Different cell types from different species can be directly compared to look at the effect of different compounds; although culture environments vary, the read-out is exactly the same for each cell type.
“The important thing is to use an in vitro assay that provides a direct extrapolation to the human system; to use primary human cells as the target,” discussed Ivan Rich, Ph.D., founder and CEO, HemoGenix.
The drawback is that primary human cells are supply-limited and expensive. To produce larger quantities of cells at lower cost, embryonic stem (ES) and induced pluripotent stem (iPS) cells are being used to generate mature cells thought to be similar to functional mature cells found in the body.
“It is just too early to make any definitive statement or conclusion. The primary cells need to be characterized first and compared to cells generated from ES and iPS cells. Without this characterization, it is unknown if ES and iPS cells can replace primary cells from a specific organ and give the same response. Using them routinely for drug screening could provide inaccurate information,” continued Dr. Rich.
“For example, a fibroblast could be reprogramed into an iPS cell, and then induced into a different cell type, such as a hepatocyte. Is the genetic make-up that of the hepatocyte or does the cell retain some of the original fibroblast genome?”
A Promising Way Forward
“Although neuron development is a tightly orchestrated, complex process, the plasticity of the nervous system is one of the biggest developmental neurotoxicity problems we grapple with,” explained Pam Lein, Ph.D., professor, department of molecular biosciences, University of California at Davis.
“We understand the major processes involved in the development of the nervous system but we do not have good testing paradigms in place. This is a prime time to develop techniques before legislation and regulatory actions take place using the old way of doing things.”

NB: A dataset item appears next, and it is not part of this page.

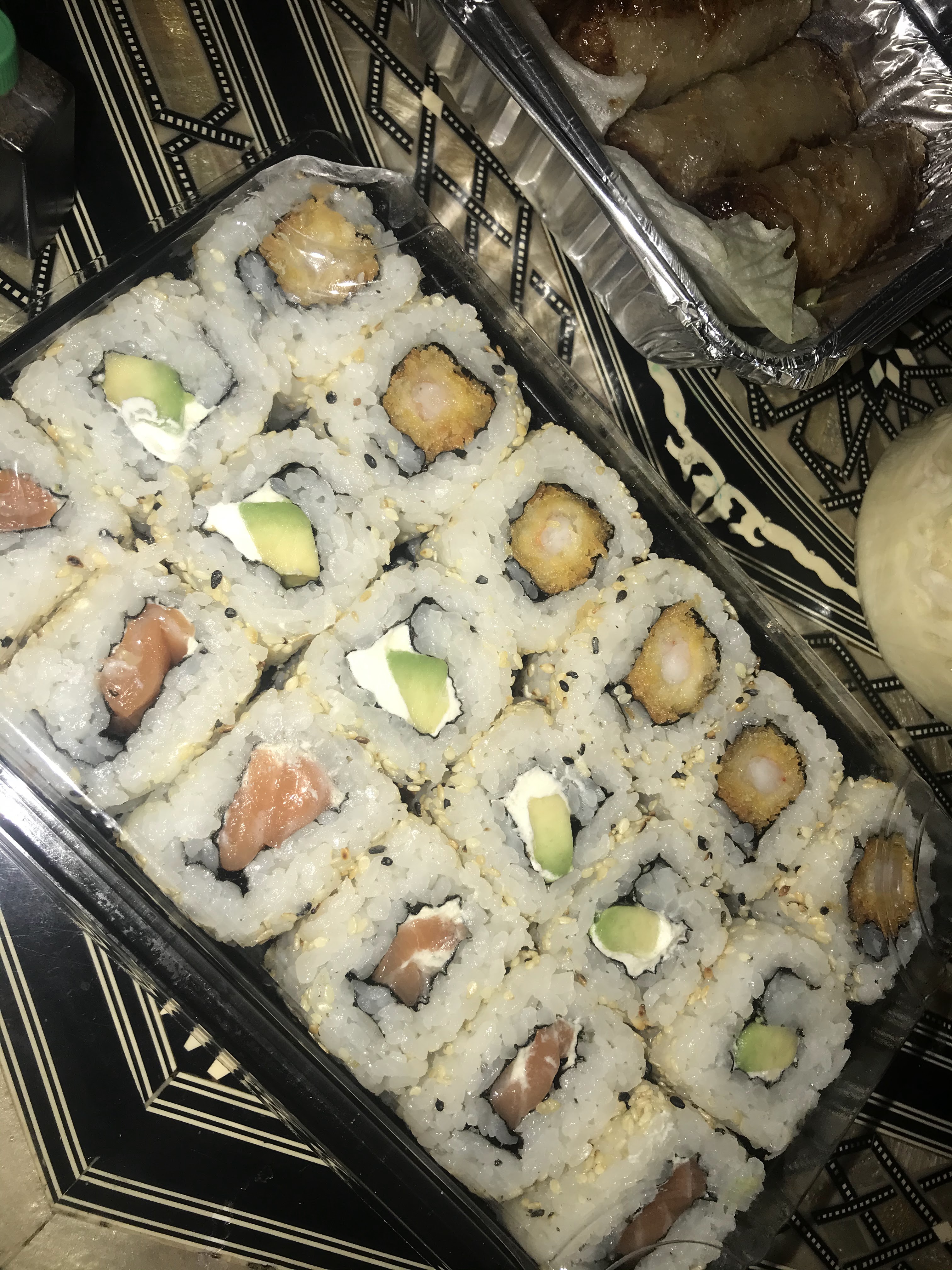 Ma soeur a commandé . Donc pour commencer, Temps d’attente de plus de 5 minutes, j’ai raccroché et rappelé plus tard, mais cette fois ci on m’a répondu assez vite, une fois répondu, j’avais l’impression de déranger Avocat noir et goût du saumon qui n’avait pas l’air frais à part les nems qui ont été bon. Je ne recommanderais plus labas

In vitro and alternative systems-based models, such as the zebrafish and C. elegans, have been used in the developmental neurobiology field for some time. The significant change is not the models but the methods being applied to measure the endpoints of interest, such as high-content analysis and high-throughput systems (HTS).
HTS are being developed for detecting fluorescent signals and cellular morphology in cultured neurons and alternative systems-based models. Even behavioral analyses in C. elegans and zebrafish are being automated with the goal of increasing throughput. More recent is the development of microelectrode arrays, specialized culture systems in which microelectrodes are embedded in the substrate. As the neurons begin to form functional networks and communicate with each other, electronic signals are detected, decoded, and read as endpoints.
By looking at multiple endpoints in the same model system, scientists hope to discover novel insights regarding potential mechanisms of action that will facilitate extrapolation across species, and will identify the most sensitive endpoint with respect to the chemical.
The goal is to use alternative models to rule out compounds early for adverse effects, but many variables cannot be taken into account with these approaches. Confirmation still needs to be accomplished in a whole-animal model.
“The molecular- and mechanistic-level understanding of how compounds cause developmental neurotoxicity is still a bit of a black box. Alternative cell- and systems-based models are a promising way forward,” concluded Dr. Lein.